Task item: Give back only the lines in the records below from the one with "微信对话框回复【八达岭】" to the one with "Puño en alto.", both inclusive, word for word.

Source material:
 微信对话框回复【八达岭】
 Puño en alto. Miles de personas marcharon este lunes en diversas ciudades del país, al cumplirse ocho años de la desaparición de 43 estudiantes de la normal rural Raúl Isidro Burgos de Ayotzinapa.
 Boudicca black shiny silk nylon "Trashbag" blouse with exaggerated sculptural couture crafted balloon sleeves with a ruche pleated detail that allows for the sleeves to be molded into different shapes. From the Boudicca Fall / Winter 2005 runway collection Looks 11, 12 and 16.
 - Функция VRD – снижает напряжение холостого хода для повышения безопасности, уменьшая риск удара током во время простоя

==

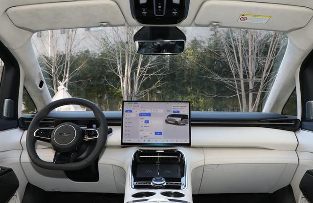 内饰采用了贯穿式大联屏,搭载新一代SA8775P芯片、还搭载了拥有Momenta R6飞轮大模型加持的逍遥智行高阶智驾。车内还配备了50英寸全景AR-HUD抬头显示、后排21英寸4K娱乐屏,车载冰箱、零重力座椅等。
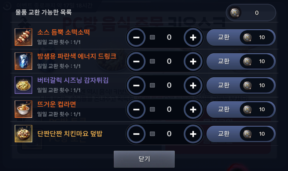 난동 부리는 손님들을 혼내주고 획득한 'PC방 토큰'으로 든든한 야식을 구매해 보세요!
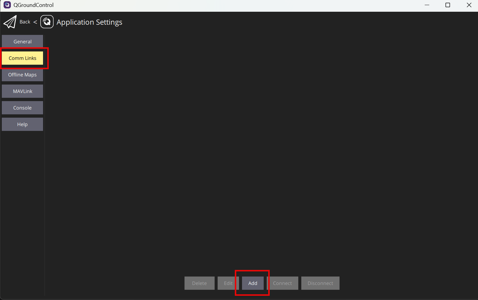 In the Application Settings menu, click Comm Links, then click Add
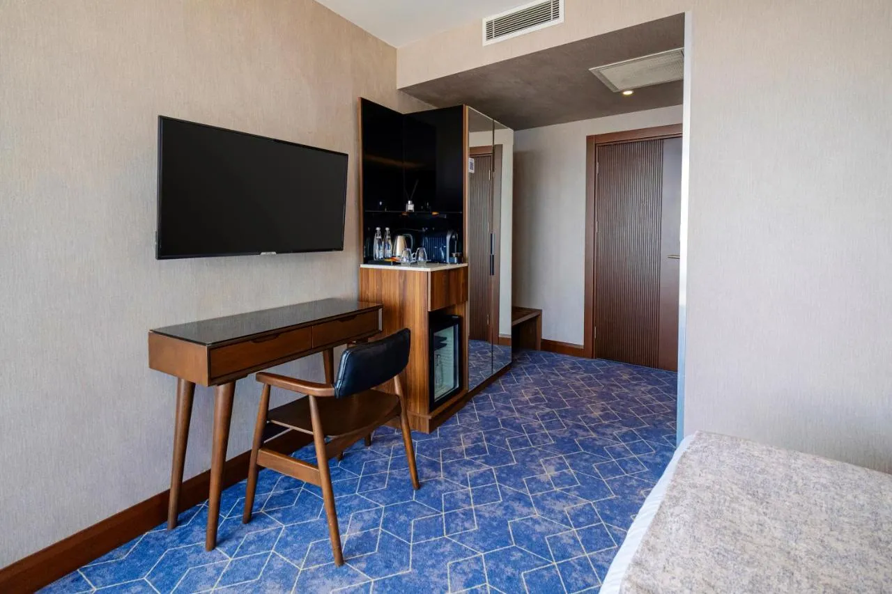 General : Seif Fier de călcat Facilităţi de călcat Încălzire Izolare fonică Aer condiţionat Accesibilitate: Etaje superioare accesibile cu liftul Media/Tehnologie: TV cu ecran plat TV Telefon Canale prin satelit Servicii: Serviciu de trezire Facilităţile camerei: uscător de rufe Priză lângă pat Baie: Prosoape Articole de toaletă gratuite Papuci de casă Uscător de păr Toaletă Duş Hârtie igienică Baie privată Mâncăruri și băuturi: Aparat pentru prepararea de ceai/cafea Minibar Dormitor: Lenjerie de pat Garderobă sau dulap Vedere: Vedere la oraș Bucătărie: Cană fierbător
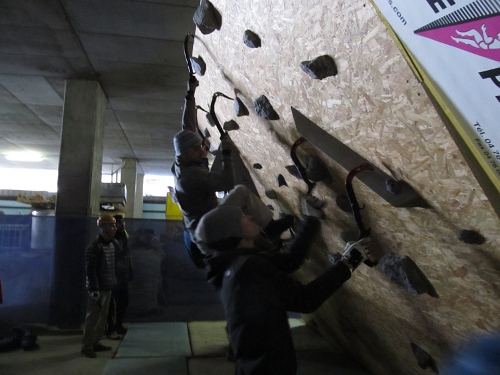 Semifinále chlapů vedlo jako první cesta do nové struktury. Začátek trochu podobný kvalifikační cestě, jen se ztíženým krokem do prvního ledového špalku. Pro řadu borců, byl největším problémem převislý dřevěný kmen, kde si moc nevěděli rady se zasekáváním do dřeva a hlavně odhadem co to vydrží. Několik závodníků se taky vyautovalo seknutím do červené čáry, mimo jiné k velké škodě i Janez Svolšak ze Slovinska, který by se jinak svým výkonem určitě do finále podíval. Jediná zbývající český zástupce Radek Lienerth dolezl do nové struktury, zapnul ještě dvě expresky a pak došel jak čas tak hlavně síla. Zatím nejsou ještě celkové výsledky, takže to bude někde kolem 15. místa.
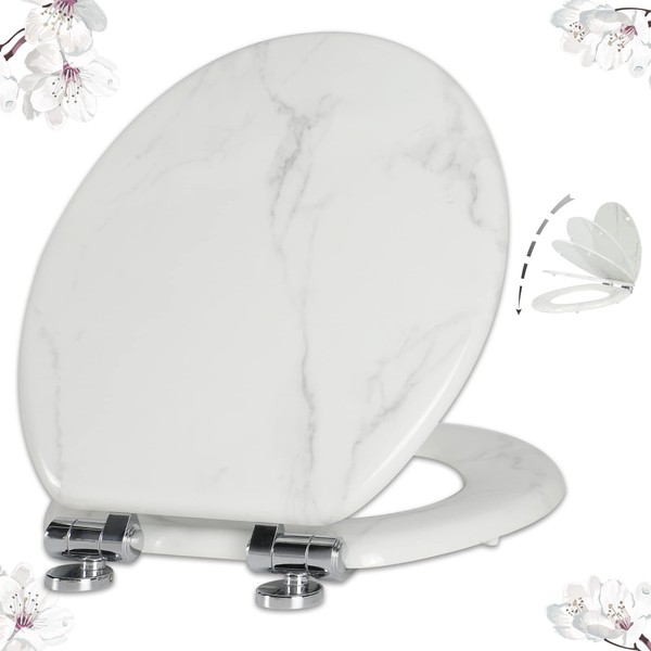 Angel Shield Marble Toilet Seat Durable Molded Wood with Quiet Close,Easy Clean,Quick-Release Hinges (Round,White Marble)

Task answer:
 微信对话框回复【八达岭】
 Puño en alto. Miles de personas marcharon este lunes en diversas ciudades del país, al cumplirse ocho años de la desaparición de 43 estudiantes de la normal rural Raúl Isidro Burgos de Ayotzinapa.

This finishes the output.